The folks at BigQuery just announced a new function GENERATE_UUID()
that will make one for you. If you have a table without a primary key and you need one, you can simply make a derived table.
For example, Let’s take the names data, it that doesn’t have a primary key.
explore: names2 {}
view: names2 {
sql_table_name: `fh-bigquery.popular_names.usa_1910_2013` ;;
dimension: name {}
dimension: state {}
dimension: year {}
dimension: number {type:number}
measure: total_number {
type: sum
sql: ${number} ;;
}
measure: count {type:count}
}
You can add a primary key by making it a derived table. Let’s also assume that the table is clustered by year (its not, but let’s assume it is).
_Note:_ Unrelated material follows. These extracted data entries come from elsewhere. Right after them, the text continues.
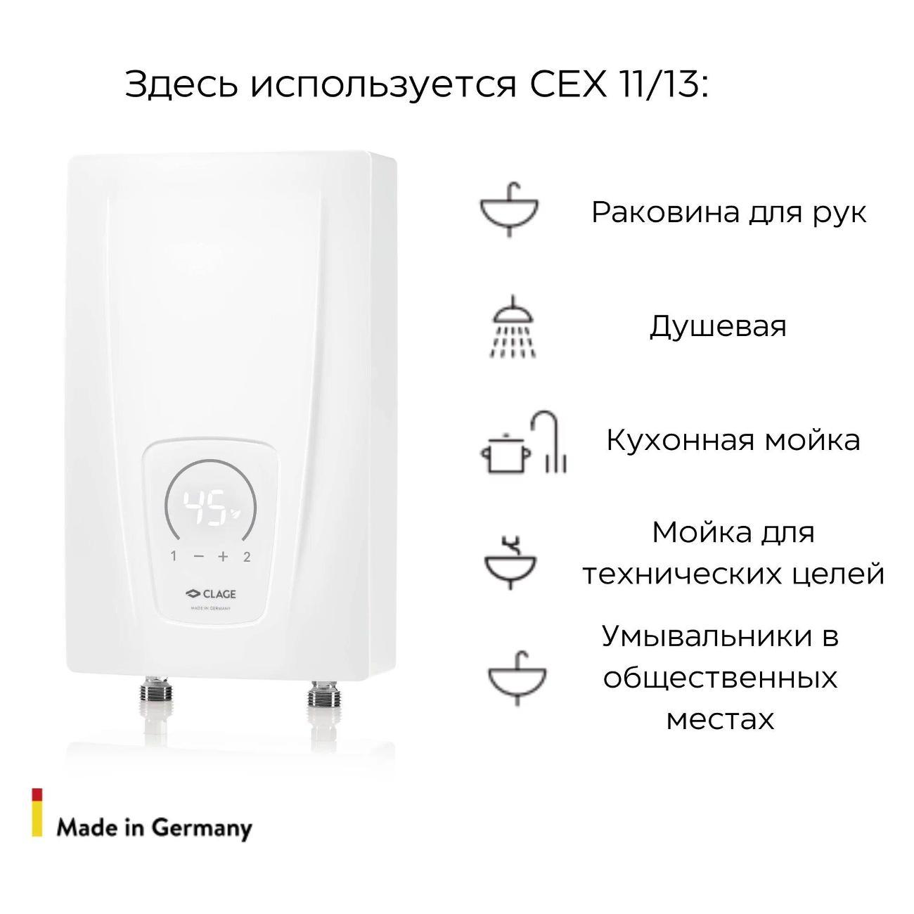 Проточный водонагреватель CLAGE CEX 11/13 E-compact – идеальный вариант для установки в офисах, саунах, салонах красоты, квартирах, в том числе на период отключения горячей воды – там, где есть возможность подключения ~380/400В. Прибор отвечает всем требованиям безопасности. Корпус прибора защищен от попадания на него брызг и струй воды (IP 25), что позволяет разместить его непосредственно в зоне принятия душа.
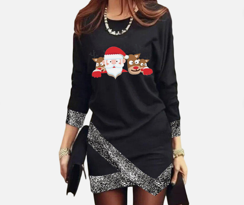Women's Fashion Leisure Christmas Round Neck Long Sleeve Irregular Hem Dress
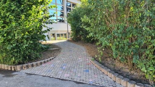 Wegebau in deutlich kleinerem Ausmaß wurde an den Außenanlagen des Kindergartens betrieben. So wurde im Zuge der Erweiterungsmaßnahmen der Kinderkrippe der Fußweg, welcher zwischen Kindergarten und Weihungstalhalle verläuft und auf die Zufahrt zur Schule mündet, den Außenanlagen des Kindergartens zugeschlagen. Im vergangenen Jahr wurde dieser nun wieder neu angelegt. Es wurden hierfür übrigens die alten Pflastersteine, die von unseren Kindergartenkindern bemalt wurden, verwendet.
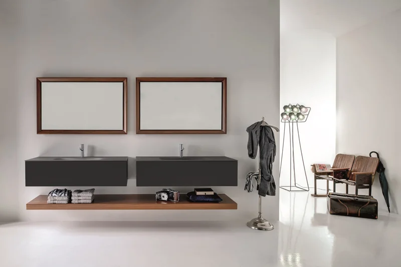 קולקציית זכוכית הסאטן מבית Falper האיטלקי- קולקציה אלגנטית, אשר לצד כיורים אסתטיים משלבת מערכת מודולארית וגמישה, הכוללת את כל הדרוש לאחסון פריטים אינטימיים בחדר הרחצה. הרעיון המרכזי העומד בבסיס הקולקציה, שהתגבשה כדיאלוג בין משחק צורני וצרכי העידן החדש, הינו שימוש יצירתי בזכוכית המניב טווח רחב וגמיש של גדלים, צבעים וגימורים ומאפשר נוחות בהתאמה אישית לחלל, לצרכים אינדיבידואלים ולהעדפות הטעם. הקולקציה מוצעת בגווני אפור מעושן- ו/או שחור מבריק.

The pattern would be to create a derived table, generate a uuid as primary key and add a WHERE
condition to make sure we pull the data efficiently.
view: names2 {
derived_table: {
sql:
SELECT
GENERATE_UUID() as uuid, *
FROM `fh-bigquery.popular_names.usa_1910_2013`
WHERE
{%condition year %}year{%endcondition%}
;;
}
dimension: uuid {primary_key:yes}
dimension: name {}
dimension: state {}
dimension: year {}
dimension: number {type:number}
measure: total_number {
type: sum
sql: ${number} ;;
}
measure: count {type:count}
}
How would that work with a large table which has multiple nested records? Would this trick also work? Would we have to create NDTs for each outer nested tables as well or simply generating uuids in a dimension suffice?
Thanks!
Hi @eliott
If you’re trying to assign a primary key to nested records (starting from a table which has its own primary key), what you usually want is UNNEST WITH OFFSET
and then you concatenate the original primary key and the array offset.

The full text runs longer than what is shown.